November 4, 2007
UN Establishes Rule of Law Unit
At a recent Rule of Law conference hosted by the Hague Institute for the Internationalization of Law, UN Rule of Law Officer Shelly Inglis gave delegates a briefing on the newly-established UN Rule of Law Assistance Unit. The Unit has been created on an interim basis under the Deputy Secretary-General and has four staff seconded from other UN departments and agencies. As an organizational initiative, the Unit is tasked with developing a UN system-wide guidance and practice on rule of law, with a view to unifying the approaches of the many units and departments that currently carry out ROL-related activities under the UN umbrella (Peace Keeping Operations;Political Affairs; Legal Affairs; High Commissioner for Human Rights; Drugs and Crime;UNHCR;UNDP etc).

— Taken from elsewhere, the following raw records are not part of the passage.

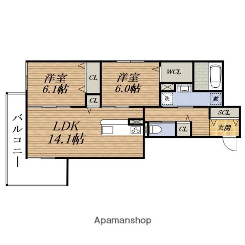 | 間取り詳細 | LDK(14.1帖)、洋室(6.1帖)、洋室(6帖) | ||
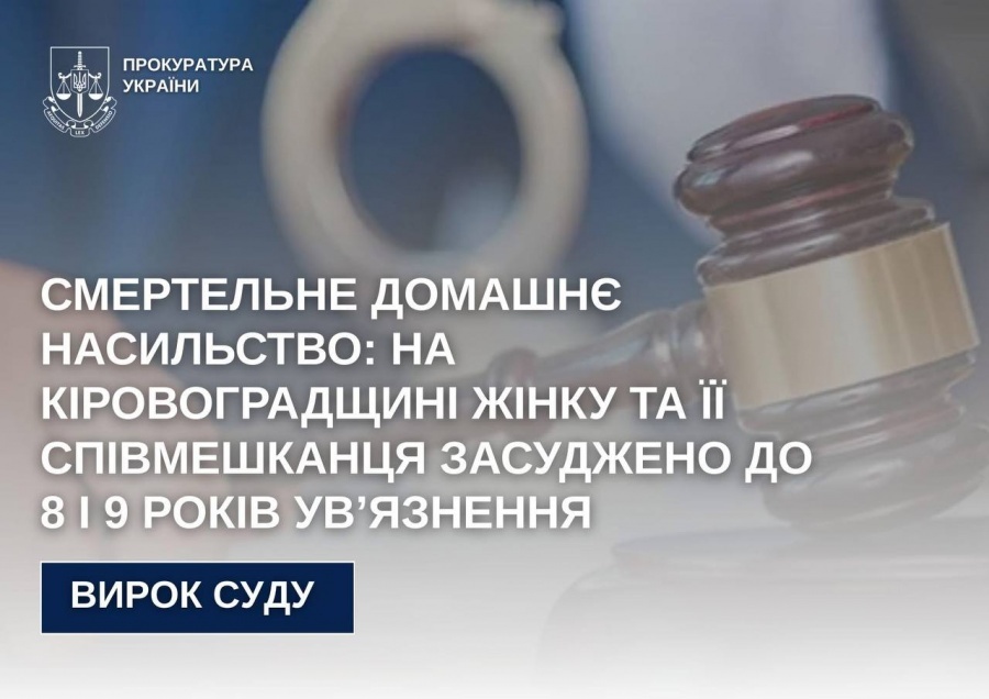 Прокурори довели, що ввечері 5 листопада 2024 року в одному з домоволодінь Кропивницького району під час конфлікту 39-річна жінка разом зі своїм 29-річним співмешканцем жорстоко побили знайомого чоловіка. Вони наносили потерпілому численні удари руками та ногами по голові й тілу. Подія сталася у помешканні, де проживали обвинувачені, та має ознаки домашнього насильства.
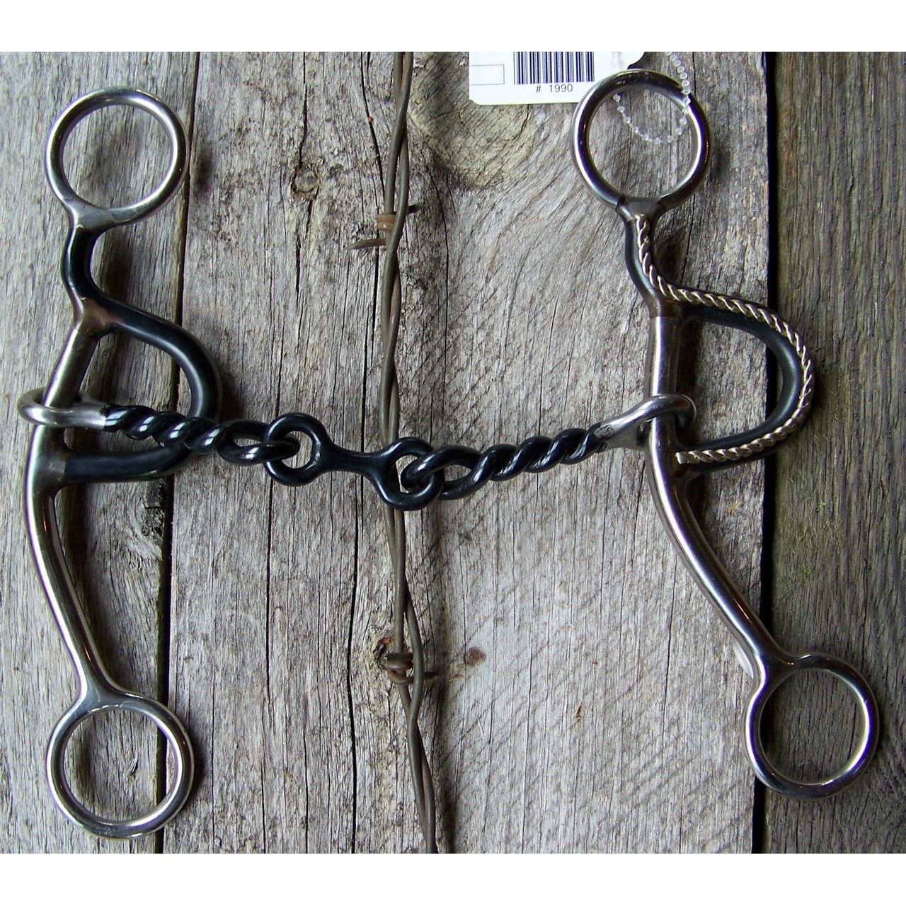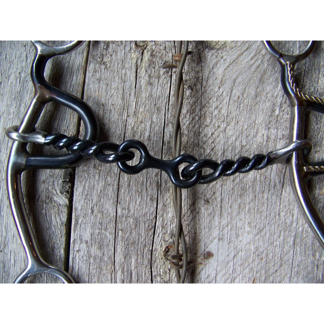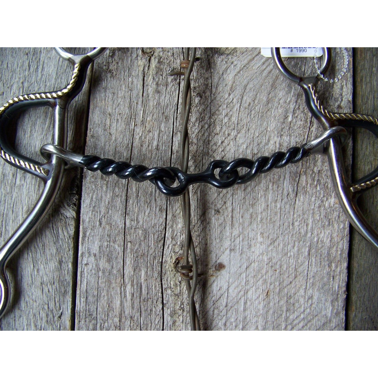 Stainless steel bit, 7 1/4" long shank. German silver rope edge adorn the shank. 5 1/2" twisted sweet iron dogbone mouth. 5/16" diameter.
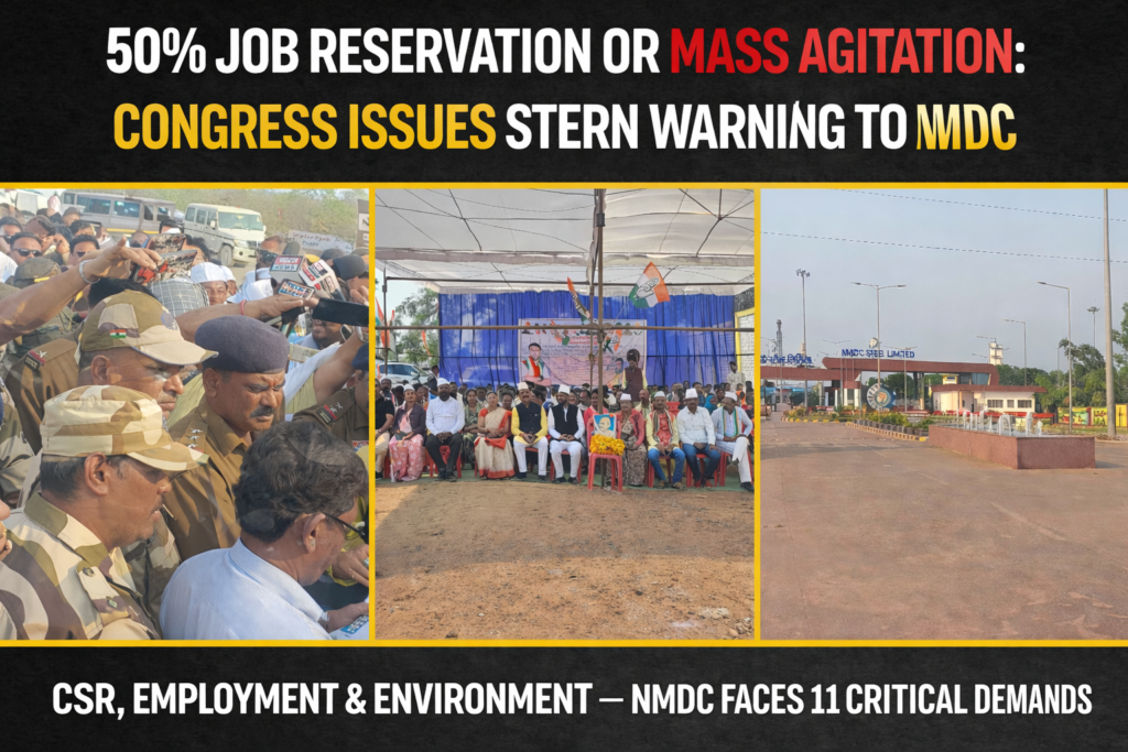 рдХрд╛рдВрдЧреНрд░реЗрд╕ рдиреЗрддрд╛рдУрдВ рдиреЗ рдЧреНрд░рд╛рдореАрдгреЛрдВ рдХреА рд╢рд┐рдХрд╛рдпрддреЛрдВ рдХрд╛ рд╣рд╡рд╛рд▓рд╛ рджреЗрддреЗ рд╣реБрдП рдХрд╣рд╛ рдХрд┐ рдПрдирдПрдордбреАрд╕реА рдЦрдирди рдФрд░ рд╕реНрдЯреАрд▓ рдкреНрд▓рд╛рдВрдЯ рд╕реЗ рдирд┐рдХрд▓рдиреЗ рд╡рд╛рд▓рд╛ рджреВрд╖рд┐рдд рд▓рд╛рд▓ рдкрд╛рдиреА рдФрд░ рдЕрдкрд╢рд┐рд╖реНрдЯ рдирдЧрд░рдирд╛рд░ рдПрд╡рдВ рдЖрд╕рдкрд╛рд╕ рдХреЗ рдЧрд╛рдВрд╡реЛрдВ рдХреА рдирджрд┐рдпреЛрдВ рдФрд░ рдЦреЗрддреЛрдВ рдореЗрдВ рдорд┐рд▓ рд░рд╣рд╛ рд╣реИ, рдЬрд┐рд╕рд╕реЗ рдЦреЗрддреА, рдорд┐рдЯреНрдЯреА рдФрд░ рдкрд░реНрдпрд╛рд╡рд░рдг рдХреЛ рдЧрдВрднреАрд░ рдиреБрдХрд╕рд╛рди рд╣реЛ рд░рд╣рд╛ рд╣реИред рдПрдирдПрдордбреАрд╕реА рдХреЗ тАЬрдЬреАрд░реЛ рдбрд┐рд╕реНрдЪрд╛рд░реНрдЬтАЭ рджрд╛рд╡реЗ рдЬрдореАрдиреА рд╕реНрддрд░ рдкрд░ рдЦреЛрдЦрд▓реЗ рд╕рд╛рдмрд┐рдд рд╣реЛ рд░рд╣реЗ рд╣реИрдВред
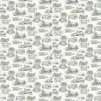 An etching style drawing of a 60s American camping scene with little vignettes with figures, buildings, campsites and mountain views. Shown here in the Green colourway. Spray and hang product. Wide width and shorter than standard roll length. - Manufacturers part number: York_RT7863
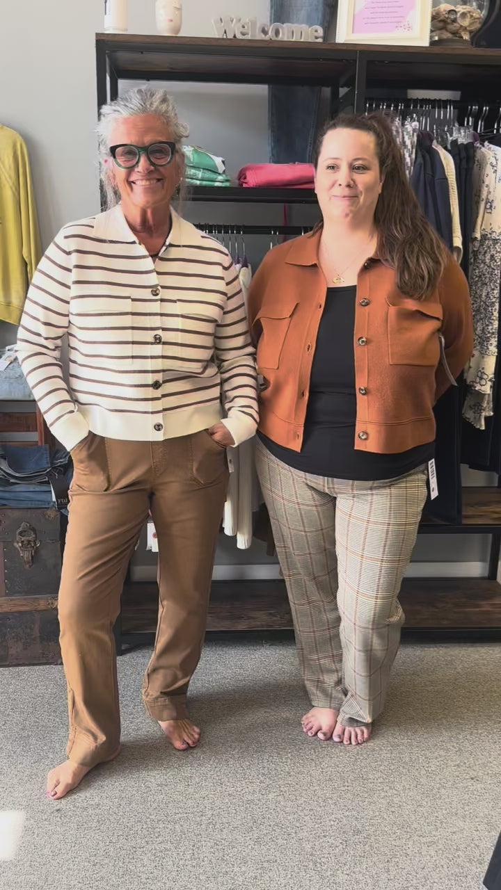 Complete your look with a polished touch in this cozy cardigan, featuring a playful stripe pattern or solid color with a refined collar. The double-knit jacquard fabric offers warmth, while accent chest pockets add a charming, functional detail.
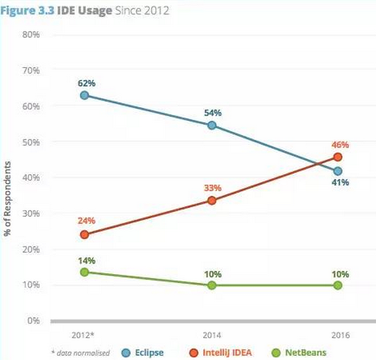 根据今年 6 月份的一份调查,Eclipse 的使用比例下降至 41%,已低于 Intellij IDEA 的 46%。
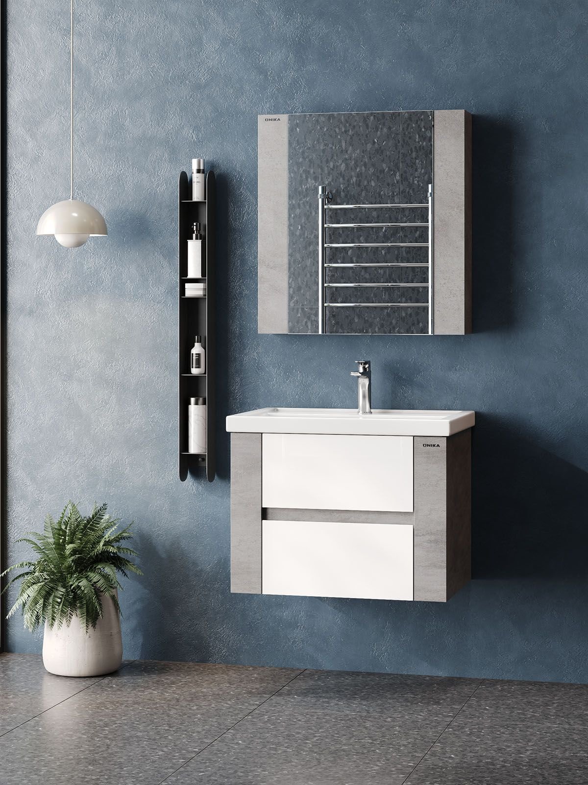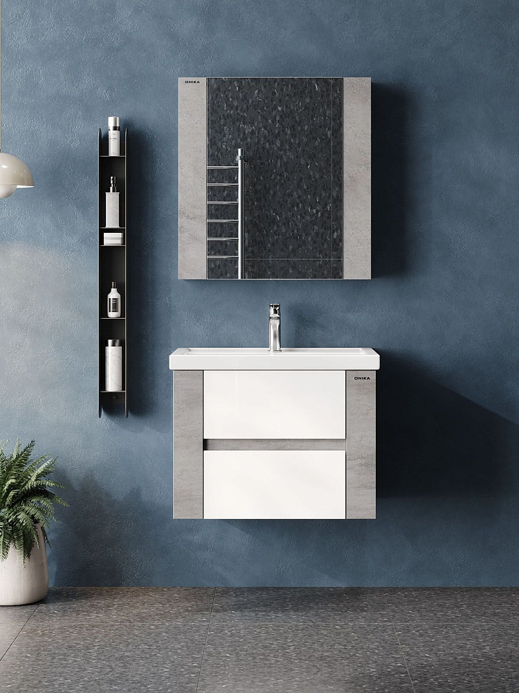 Тумба для ванной комнаты Onika Стоун 70 подвесная, белая/ателье светлое (под раковину Фостер 70)
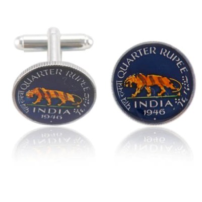 The national animal tiger is shown in the coin of India. The tiger is the symbol of India's wealth of wildlife. The design in hand printed in this coin cufflinks to make it unique. Try these sophisticated cufflinks; it certainly adds a hint of fashion finesse to your formal outfit.
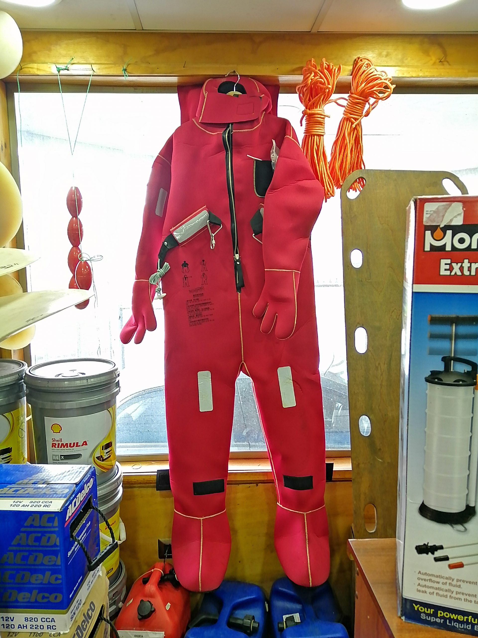 Traje seco especial que protegerá a una persona de hipotermia y mantendrá el calor corporal al estar inmerso en agua fría, tras el abandono de un buque. Está diseñado para ser utilizado sin chaleco salvavidas, debido a su flotabilidad.
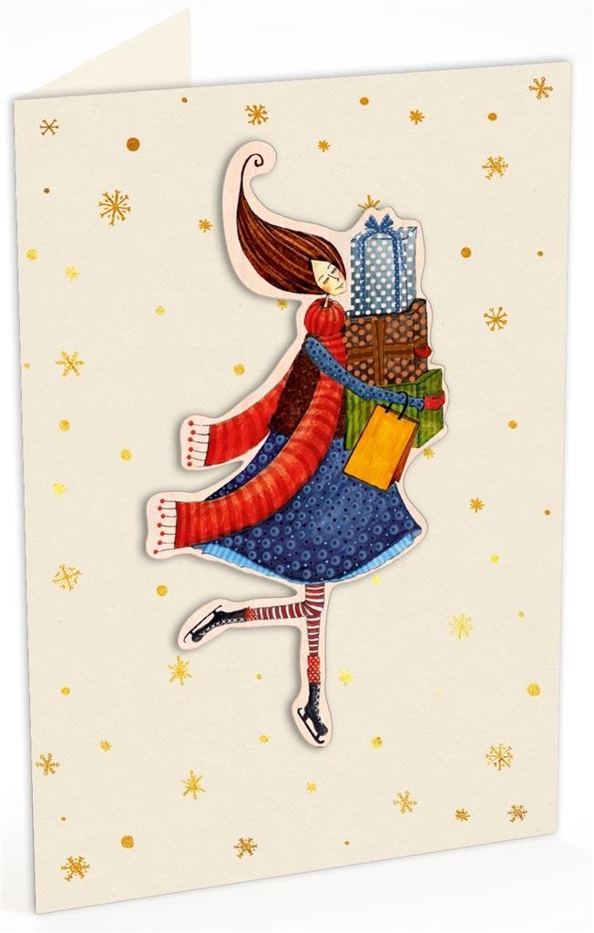 Opakowanie Karnet C6 naklejany + koperta Święta Kobieta z prezentami
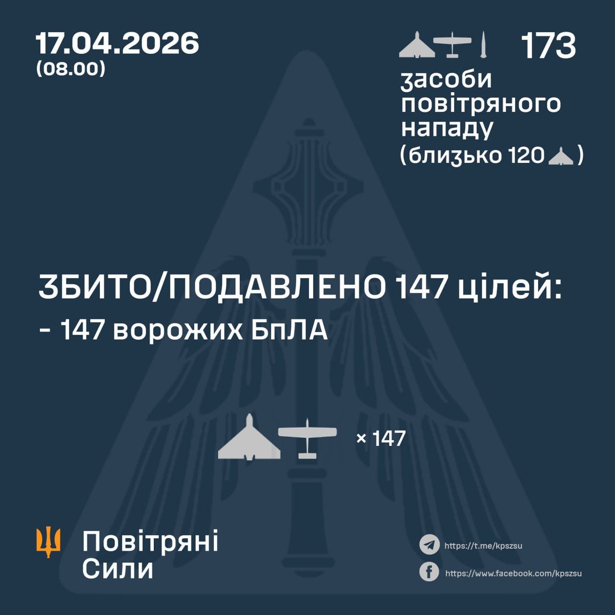 On the morning of 17 April 2026, Ukraine’s air‑defence forces reported a large‑scale Russian drone barrage targeting Kyiv and surrounding regions. According to the monitoring channel monitor_the_situation, Ukrainian systems shot down 147 of 173 unmanned aerial vehicles (UAVs), leaving 26 drones unaccounted for. The engagement underscores the intensity of the aerial contest and the growing reliance on UAVs by both belligerents.
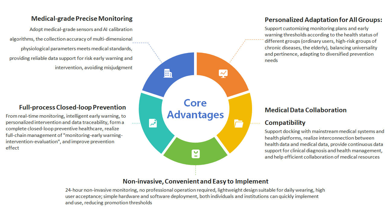 Our solution addresses the needs of all user groups—from everyday consumers to high-risk chronic patients and hospitals. Built on high-precision smartwatches, we integrate five core functions to create a complete preventive lifecycle:
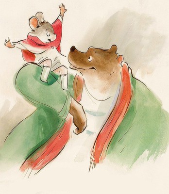 – Ще й як може! – відповіла Мишка. – Ось, сьогодні зранку я вже трьом звірятам допомогла. Білочці горішок дістала, який за пеньочок закотився. Їжачкові яблучка допомогла в комору носити. А потім, біжучи повз Лисиччину нірку, почула, що та гірко плаче. Забігла до неї й питаю: «Чого плачеш, Лисичко?», а вона каже: «Ой, Мишко! Розірвалося моє чудове намисто й намистинки геть розгубилися! Тому й плачу!» То я швиденько всі ті намистинки повишукувала, нанизала на ниточку. І Лисичка тепер не плаче, а вже сміється! А ти, що сьогодні зробив своїми міцними, кремезними лапами?
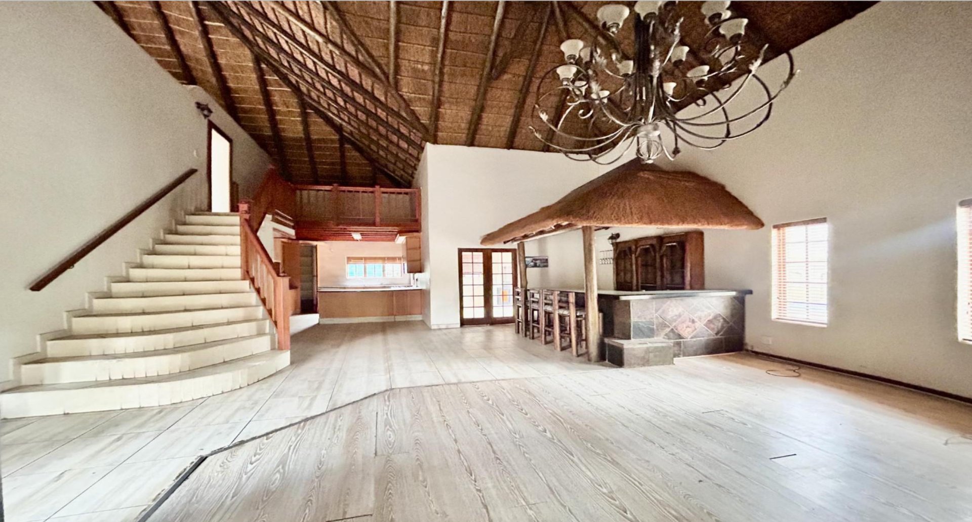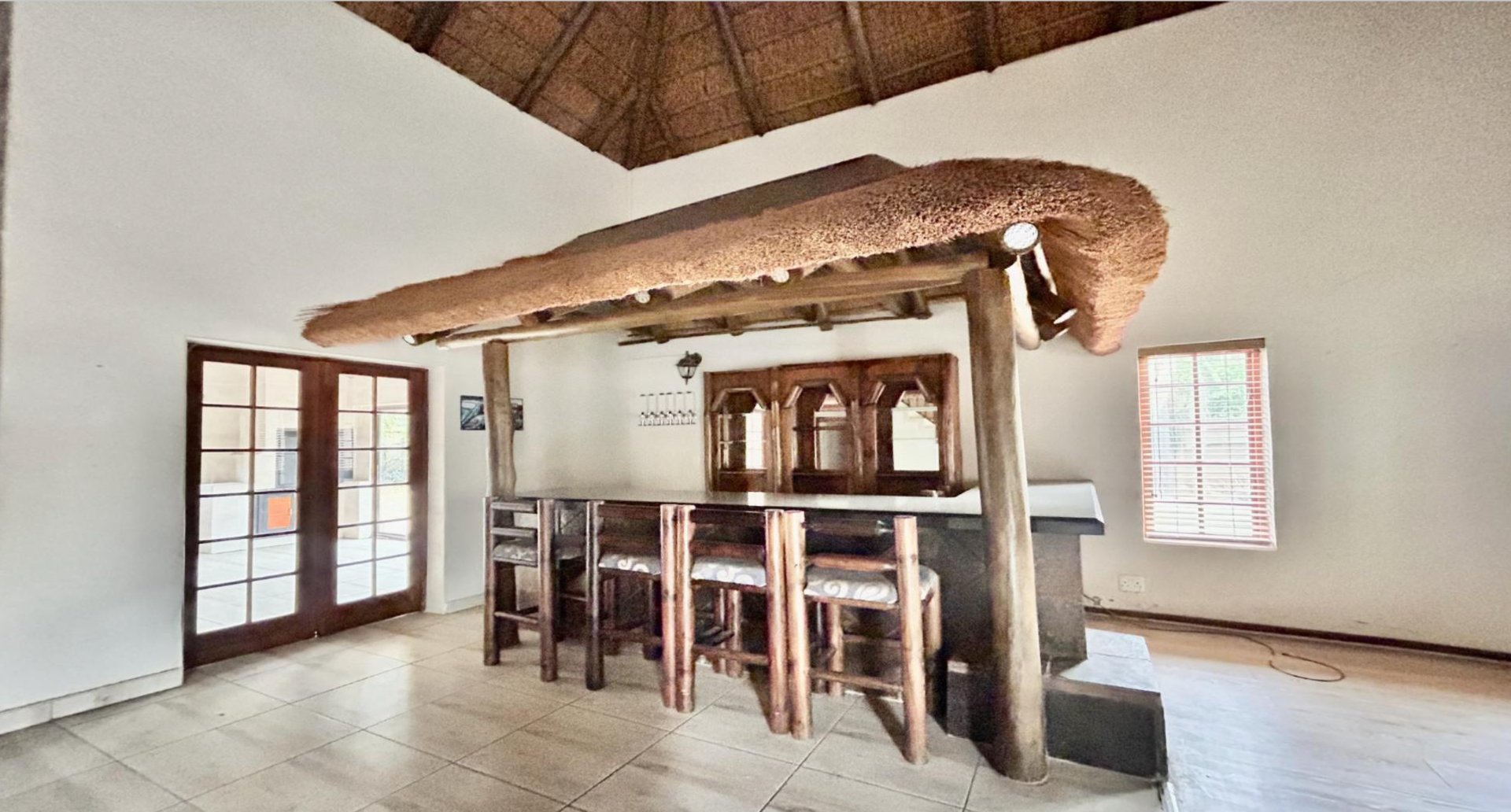 Sliding doors open to a cosy enclosed braai area, creating an all-weather space perfect for year-round gatherings. A built-in bar further enhances the entertainer’s appeal.
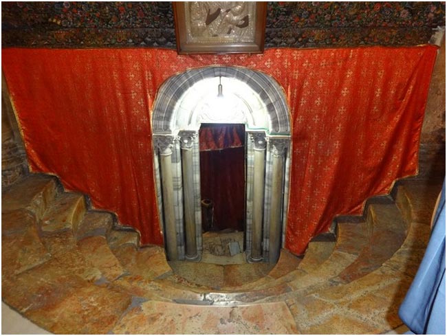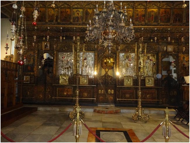В центральной нише находится престол, а под ним серебряная звезда, обозначающая место, над которым остановилась Вифлеемская звезда, когда родился Спаситель Мира.

The unit is also expected to develop a Guidance Note on rule of law as a foundation for creating coherent national needs assessments in countries in which the UN is active and structuring one UN engagement or approach per country. Bureaucratically this will be challenging because the Unit does not yet have permanent staff or a budget line.
From a research standpoint, this is an interesting development because it marks the evolution of rule of law discourse and instruments within the UN. Originally rule of law was used in the context of strengthening human rights and then in the General Principles on Independent Judiciaries and other agreements on prosecutors and lawyers. With the engagement of the Security Council in the 1990s, rule of law moved beyond human rights and crime as the UN found itself governing territories such as East Timor and Kosovo and needing to run justice systems and undertake wide-ranging law reform. The first presentation by the Secretary General to the General Assembly was in 2004 and that report sought to create a common framework for rule of law that embraced economic development, criminal justice, security and human rights.
In this new phase, marked by the creation of the ROL Unit, the UN is seeking to move ROL away from technical legal content and reposition it as a system-wide political issue that requires engagement by UN leadership. Part of the UN vision is support for local ownership, promoting local constituencies and helping host countries engage with donors and buoy them against piecemeal donor reforms.
This seems like an ambitious agenda, but also a fruitful research direction. If you know of colleagues or students working in this area, by all means please share the references.